WHAT THIS TASK INVOLVES: The entries below contain pictures, which are to be left out; write out exactly, and only, the lines from the line with "第3张照片,吴用、花荣和李逵" up to and including the line with "Lista para habitarse.".
(Beginning of DATA)
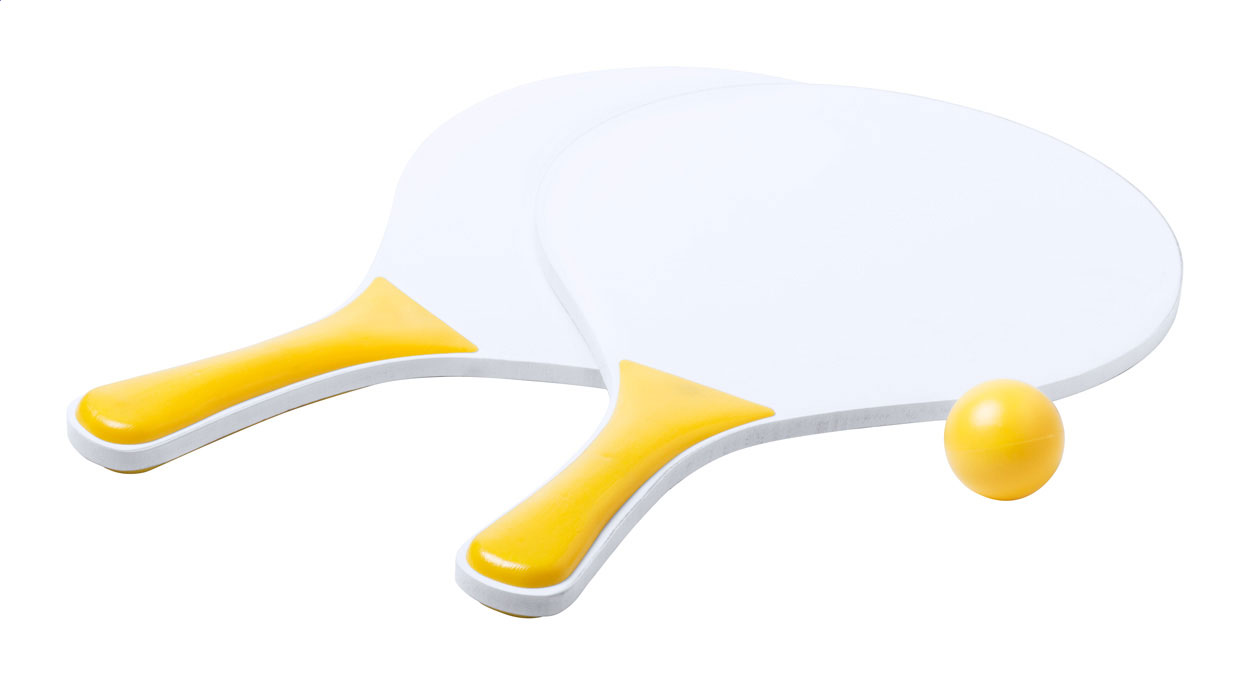 Beach tennis con 2 grandi racchette e una pallina, in legno e plastica.
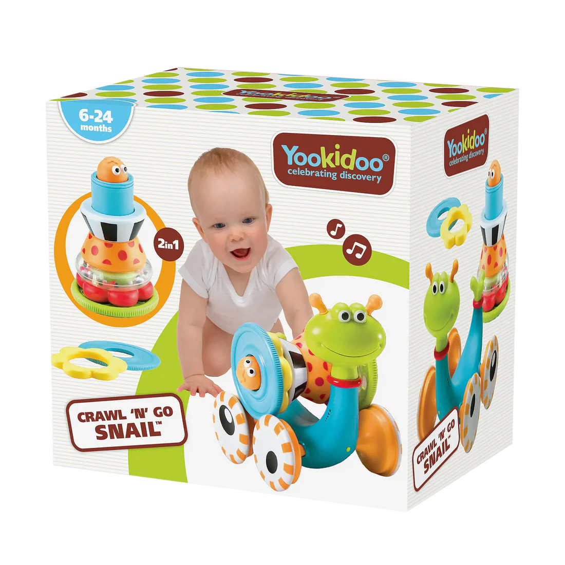 This musical, award-winning, 2-in-1 snail will roll along and get baby excited to crawl after it. Plus that colorful shell on its back doubles as a 7-piece ring stacker. The most adorable snail in town may end up being your baby's best crawling buddy, too.
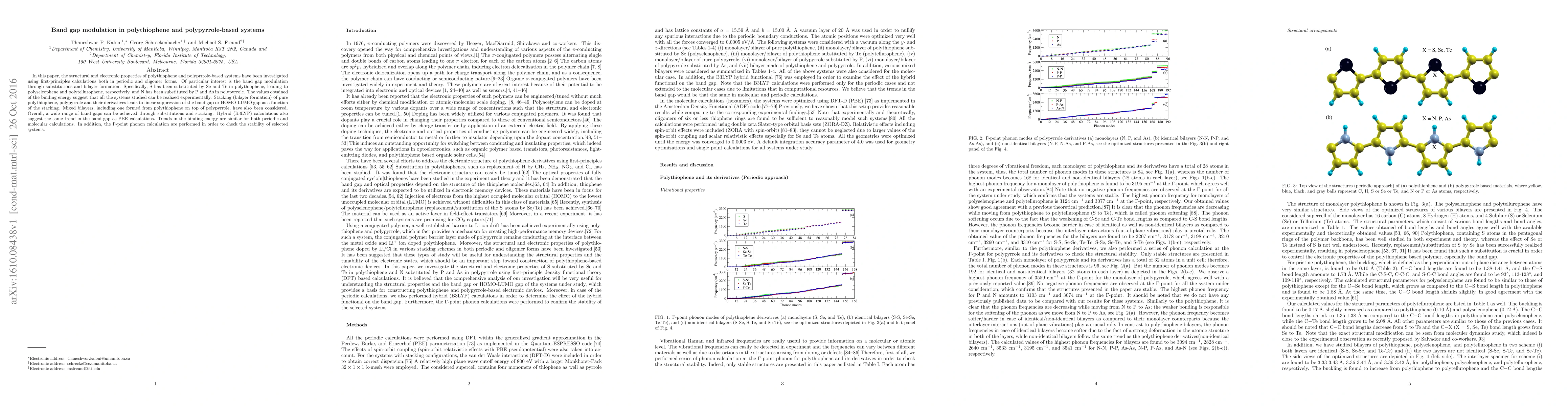 This paper investigates band gap modulation in polythiophene and polypyrrole systems via first-principles calculations, focusing on substitutions (S by Se/Te in polythiophene, N by P/As in polypyrrole) and bilayer formations. Results show a wide range of achievable band gaps through these modifications.
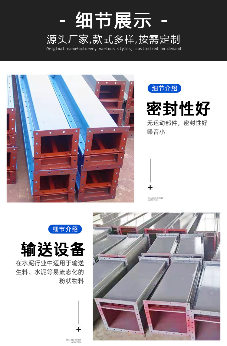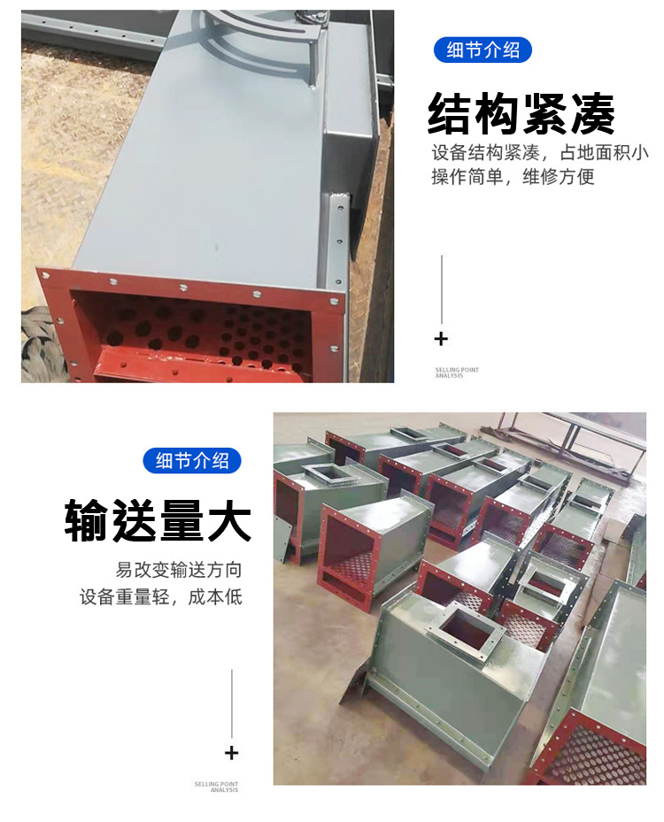 風送斜槽(也叫空氣輸送斜槽)通常用于水泥、粉煤灰等物料的力輸送設備。在輸送過程中沒有旋轉部件。與功能相同的輸送機相比,它具有維護方便、密封性好、無噪音、運行安全可靠、能耗低、輸送方向易于改變、多點進料和卸料等優點
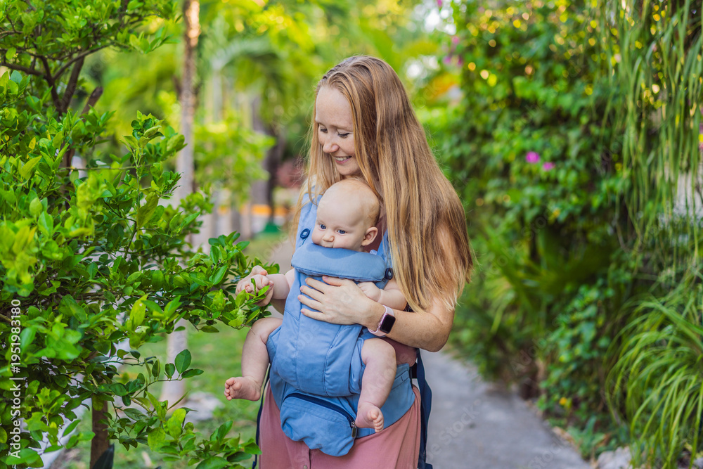 Mother using ergonomic baby carrier during a walk with her infant outdoors. Comfortable babywearing, active motherhood lifestyle, bonding, modern parenting, hands free care and everyday family routine
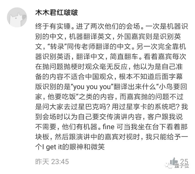值得注意的一点是,跳出来打脸这些AI同传的急先锋,好多都是专门做同传的。
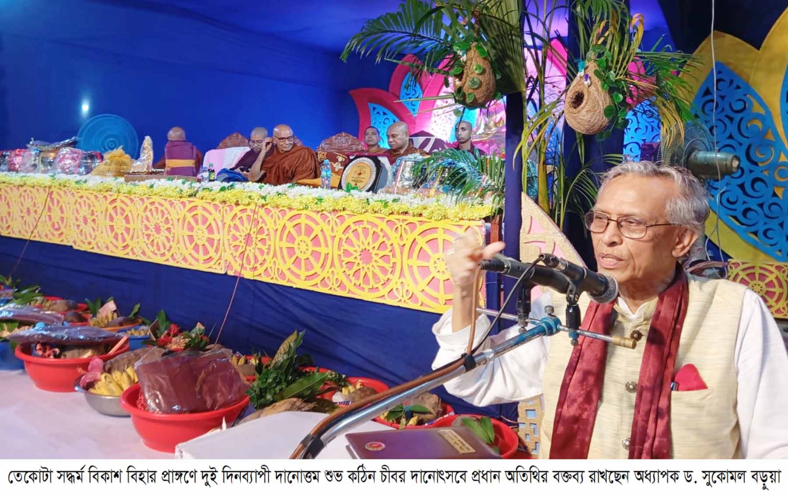 On the concluding day of the two-day program last Saturday, October 25, at the premises of Tekota Saddharma Vikas Vihar under Patia upazila, the Principal of Jaishtapura Shakyamuni Vihar, Bhadanta Jinananda Mahasthbir, presided over the Chief Dharma Desh.Bhadanta U Panya Tilak Mahathero of Bandarban Swarnjadi was Bhadanta Subhananda Mahathero, Inaugural address was given by Bhadanta Saran Sen Mahathero, Principal of Tekota Saddharma Bikas Vihar, Bihar Governing Council President Bikas Barua gave the welcome address and General Secretary Kamnashish Barua, Senior Vice President Subir Barua, Vice President Subhashis Barua gave the welcome address. Vice President Sarit Chowdhury, a brave freedom fighterDevapriya Barua Jhulan, Professor Arup Barua. Religious editor Satyapriya Barua prayed Panchsheel. Joint General Secretary Pranab Barua expressed gratitude. The overall program was hosted by co-editor Shiplu Barua and music artist Rubel Barua.
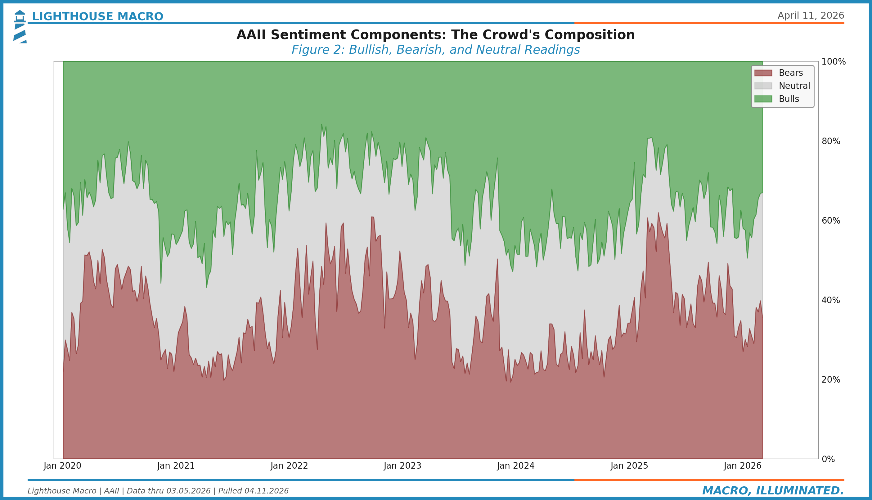The stacked area chart makes the regime shifts visible. Notice how bear-dominant readings in late 2022 and mid-2023 preceded rallies, while bull-dominant readings in early 2024 preceded corrections. The pattern isn’t mechanical (sentiment doesn’t predict with timing precision), but the directional bias at extremes is statistically robust.
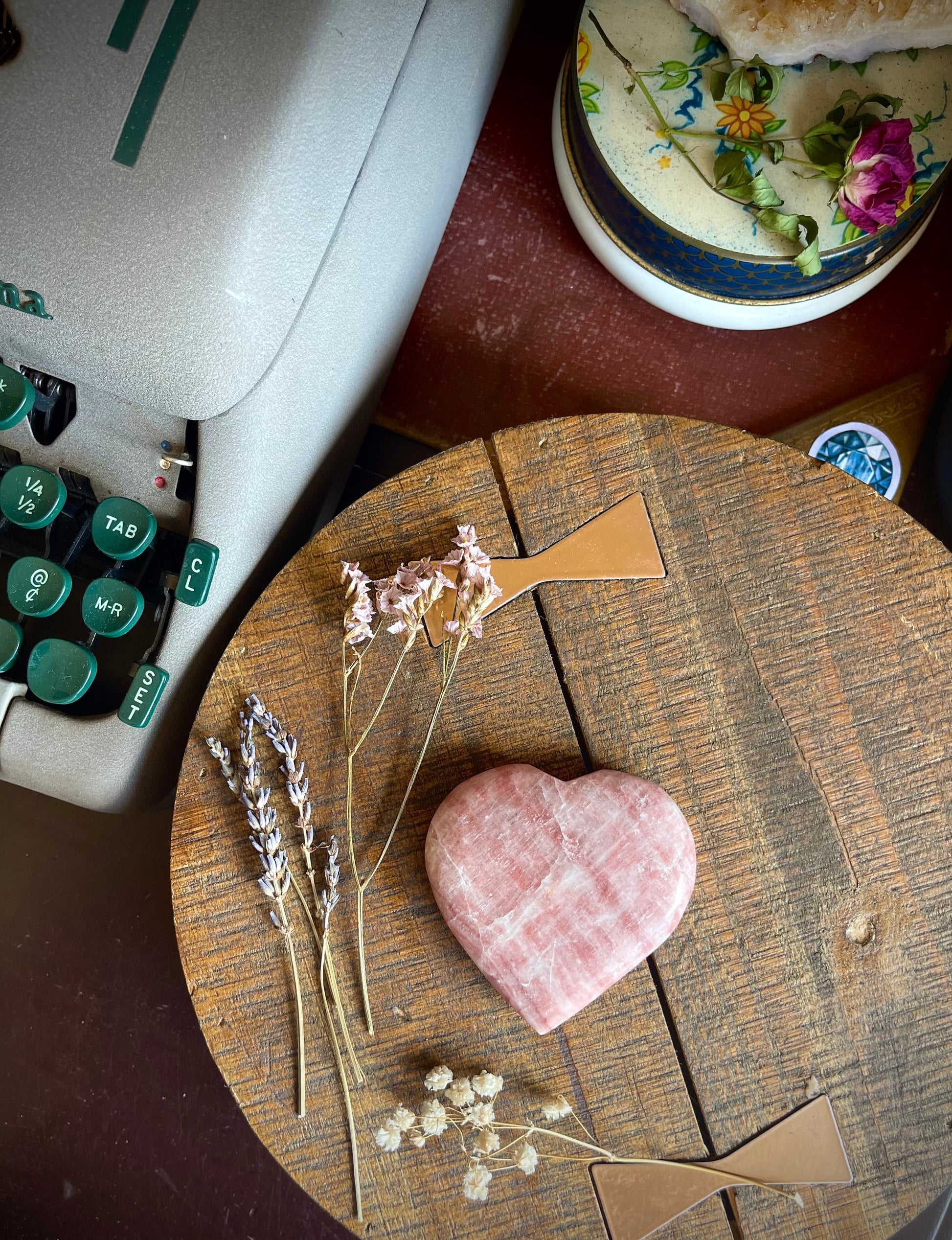 the shape of a crystal absolutely matters. i bet you can guess the energy of this shape! this heart-shaped rose calcite is soft & beautiful. this heart-shaped heart chakra crystal is packed with incredible healing energy.
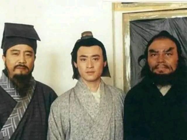 第3张照片,吴用、花荣和李逵,都带着一种角色人物的风范,三个人一脸严肃的站在镜头前,好像还没有从各自扮演的角色中出来,让人不禁感叹,这就是实力演员。
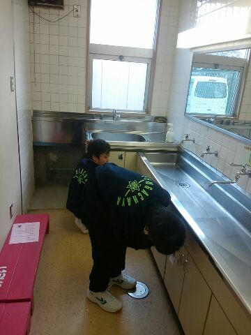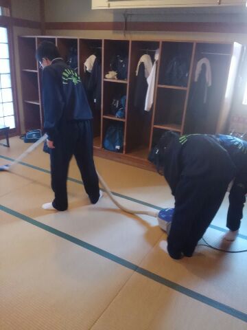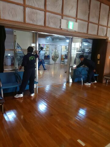集会のあと、自分たちの使った施設を徹底的にきれいに掃除をします。これも、今回の宿泊オリエンテーションの大切な学習項目です。
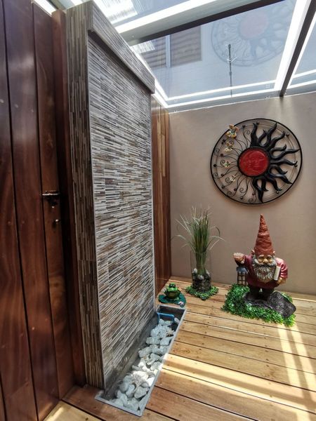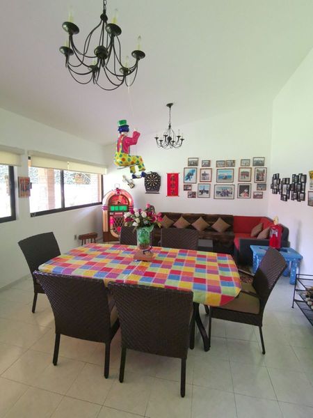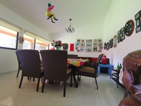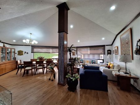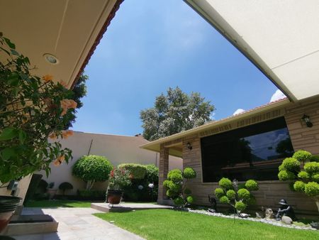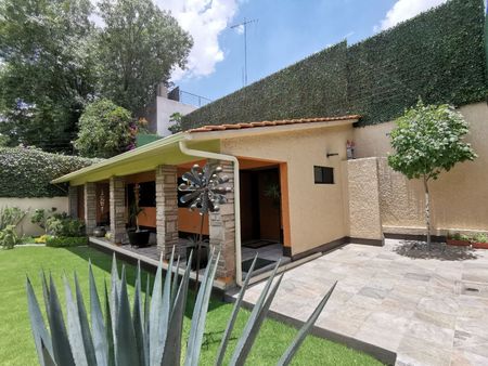 Lista para habitarse. Cómoda casa de una sola planta. Espacios amplios y bien iluminados. Estilo Californiano Contemporáneo. Sala/comedor corridos, cocina con antecomedor. 3 recámaras, cada una con baño completo y vestidor. Cuarto de TV. El jardín es muy grande, cuenta con riego por aspersión automático. Al fondo del jardín tiene un salón de juegos con baño completo que fácilmente puede se un departamento independiente. Además un despacho. Todas las áreas de la casa tienen vista a los jardines.
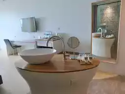 The room is larger than 42 square meters and has a balcony with a relaxing seating area and a Jacuzzi. I really liked it! I could soak in it for a long time. The room was clean, spacious, airy, and very comfortable. There was even a stuffed whale for us to cuddle and play with. All amenities were available, but some were not provided in the room. Additional amenities are available upon request, such as toothpaste, toothbrush, comb, and razor.
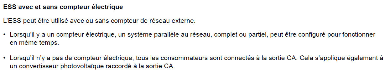 Pour le bon fonctionnement d’ESS, un compteur réseau est nécessaire. La sonde déportée est admissible mais pas recommandée. Un compteur de production photovoltaïque est nécessaire si l’intégration via Modbus n’est pas possible ou pas souhaitée. Je crois me souvenir qu’avec les micro-onduleurs APS l’intégration est possible. Je recommande de placer un disjoncteur pour le raccordement du tableau photovoltaïque (micro-onduleurs).
(End of DATA)
EXPECTED OUTPUT:
 第3张照片,吴用、花荣和李逵,都带着一种角色人物的风范,三个人一脸严肃的站在镜头前,好像还没有从各自扮演的角色中出来,让人不禁感叹,这就是实力演员。
集会のあと、自分たちの使った施設を徹底的にきれいに掃除をします。これも、今回の宿泊オリエンテーションの大切な学習項目です。
 Lista para habitarse. Cómoda casa de una sola planta. Espacios amplios y bien iluminados. Estilo Californiano Contemporáneo. Sala/comedor corridos, cocina con antecomedor. 3 recámaras, cada una con baño completo y vestidor. Cuarto de TV. El jardín es muy grande, cuenta con riego por aspersión automático. Al fondo del jardín tiene un salón de juegos con baño completo que fácilmente puede se un departamento independiente. Además un despacho. Todas las áreas de la casa tienen vista a los jardines.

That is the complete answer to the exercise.